NMOSD, a rare autoimmune disease, affects an estimated 4000 to 8000 Americans. Patients with NMOSD exhibit changes to the immune system, in which it mistakenly attacks healthy cells and proteins in the body, most often within the optic nerves and spinal cord. Antibodies binding to the AQP4 protein may activate subsequent immune system components directing to inflammation and damage to the central nervous system.
It is typical in those with NMOSD to experience attacks of optic neuritis, leading to eye pain and vision loss; about 50% of patients with NMOSD suffer permanent visual impairment and paralysis.
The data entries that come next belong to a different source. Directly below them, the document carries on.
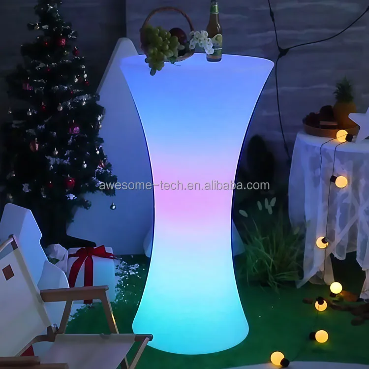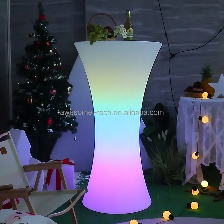 LED Color-Changing Slim Cocktail Table Plastic Illuminated for Home Bar Living Room School or Park Use for Hotels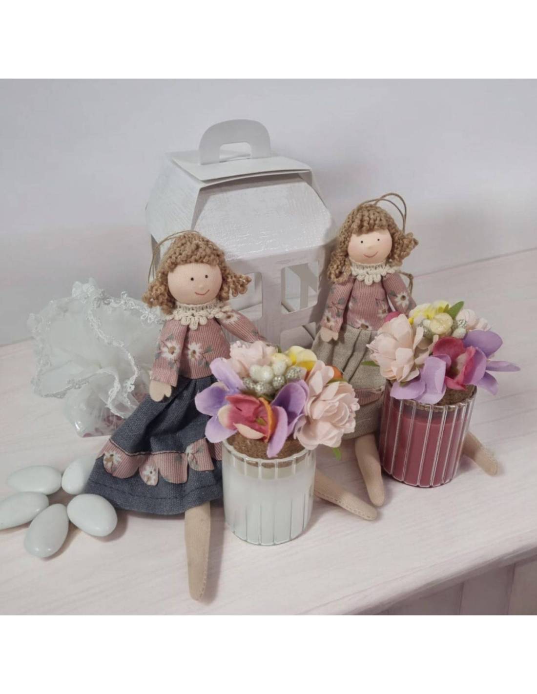 Il prezzo si riferisce ad un set bomboniere ma ci sono due bambole per far vedere i colori assortiti.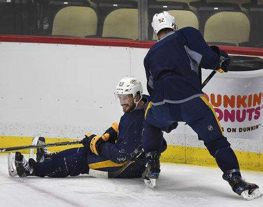 Nashville Predators' Craig Smith (15) jokes with teammate Brad Hunt as he pushes him into the corner during NHL hockey practice before Game 2 of the Stanley Cup Finals against the Pittsburgh Penguins at PPG Paints Arena in Pittsburgh, Wednesday, May 31, 2017. (Peter Diana/Pittsburgh Post-Gazette via AP) The Associated Press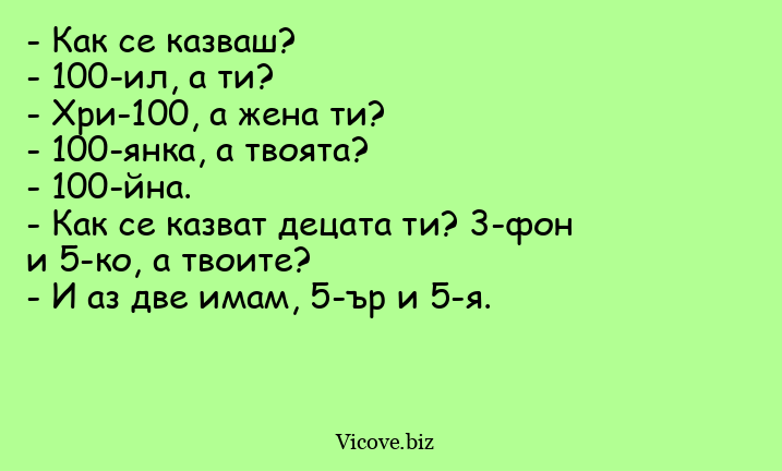 - Как се казват децата ти? 3-фон и 5-ко, а твоите?

The approval was based on two 96-week clinical studies evaluating the safety and efficacy of satralizumab-mwge. The first study incorporated 95 adult patients with NMOSD who showed the presence of antibodies against AQP4 (anti-AQP4 positive). According to the results, satralizumab-mwge reduced the number of NMOSD relapses by 74% in patients who were anti-AQP4 positive compared with placebo.
The second study incorporated 76 patients; 52 patients were anti-AQP4 positive. Satralizumab-mwge similarly showed reduced relapse rates in anti-AQP4 positive patients; in this study, the number of relapses diminished by 78% compared with placebo treatment.
“Until last year, there were no FDA-approved treatments for patients with this rare, debilitating and sometimes fatal disease. Now there are three,” said Billy Dunn, MD, director of the Office of Neuroscience in the FDA’s Center for Drug Evaluation and Research. “Today’s approval of Enspryng highlights the FDA’s commitment to rapidly advancing safe and effective therapies for NMOSD and other neurological diseases.”